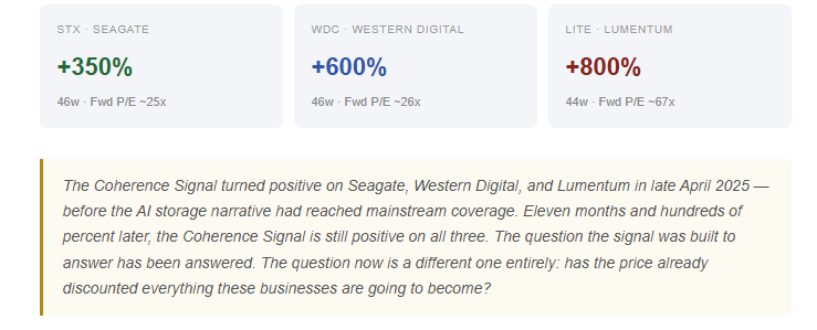 In late April 2025, Seagate and Western Digital were still being priced as commodity hard disk drive manufacturers. The market had not connected the dots between AI training infrastructure and storage demand. The Coherence Signal turned positive on both names on April 30th — emerging from a selloff, against a backdrop where the broader market was still recovering.
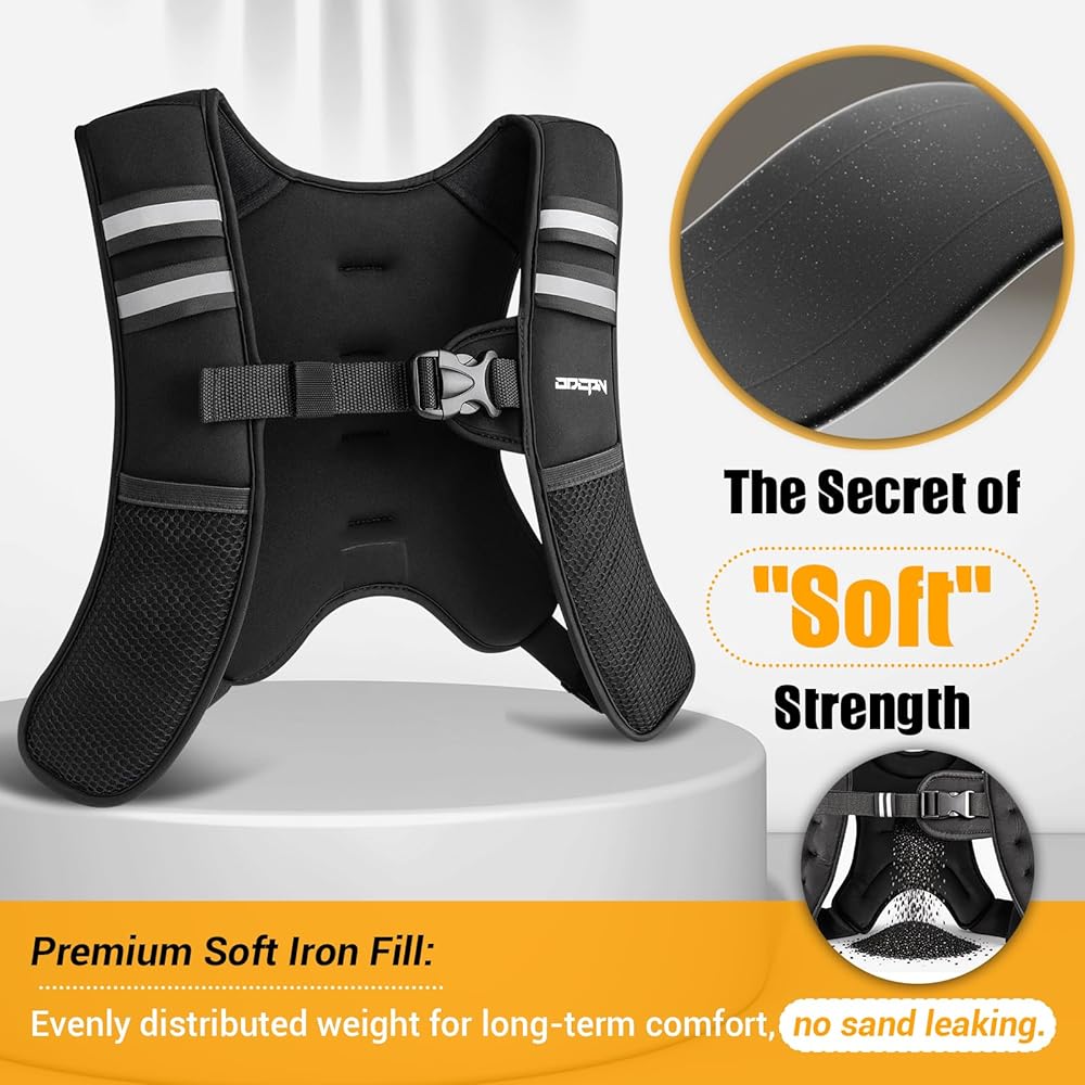 THE SECRET OF A COMFORTABLE WEIGHTED VEST – Say goodbye to leaking sand. Our core is filled with a premium Soft Iron & Silicone composite, engineered as a highly comfortable weighted vest for extended wear. This solid-state filling molds to your body curves, delivering evenly distributed resistance that won't shift. The rattle-free design minimizes impact, providing the "Soft Strength" needed for calisthenics or a rucking vest for women and man, ensuring a smooth experience unlike rigid iron plates.
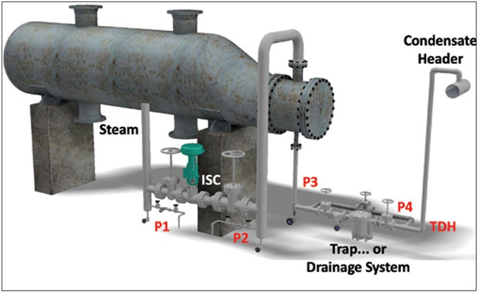 One practice, not recommended, is balancing the condensate vessel to the P1 pressure located at the entrance to the ISC (Figure 7). This balances the full P 1 pressure to the vessel. P2 represents the pressure downstream of the ISC — the pressure delivered to the reboiler, and P3 is the outlet pressure from the reboiler — after subtracting tube pressure drop from P2.
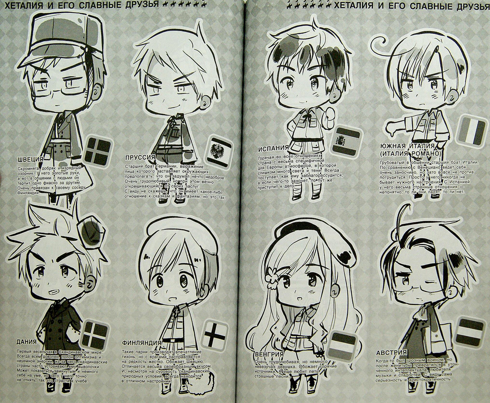 Воистину, мировая история становится в сто раз интереснее, когда она показана через взаимоотношения персонажей, олицетворяющих собой 40 стран-участников мирового политического процесса. И особенно - если в характерах героев так удивительно точно и узнаваемо переданы черты представляемых ими наций. Манга Химаруи Хидэкадзу заставляет по-новому взглянуть на события, происходившие в мире на протяжении более чем двухсот лет, и либо задуматься над судьбами человечества, либо посмеяться от души.

▸ **Task brief**
Every line from the start of the listing above through the line with "THE SECRET OF" should be repeated exactly; skip the pictures and add nothing else.

▸ **Result of the exercise**
 In late April 2025, Seagate and Western Digital were still being priced as commodity hard disk drive manufacturers. The market had not connected the dots between AI training infrastructure and storage demand. The Coherence Signal turned positive on both names on April 30th — emerging from a selloff, against a backdrop where the broader market was still recovering.
 THE SECRET OF A COMFORTABLE WEIGHTED VEST – Say goodbye to leaking sand. Our core is filled with a premium Soft Iron & Silicone composite, engineered as a highly comfortable weighted vest for extended wear. This solid-state filling molds to your body curves, delivering evenly distributed resistance that won't shift. The rattle-free design minimizes impact, providing the "Soft Strength" needed for calisthenics or a rucking vest for women and man, ensuring a smooth experience unlike rigid iron plates.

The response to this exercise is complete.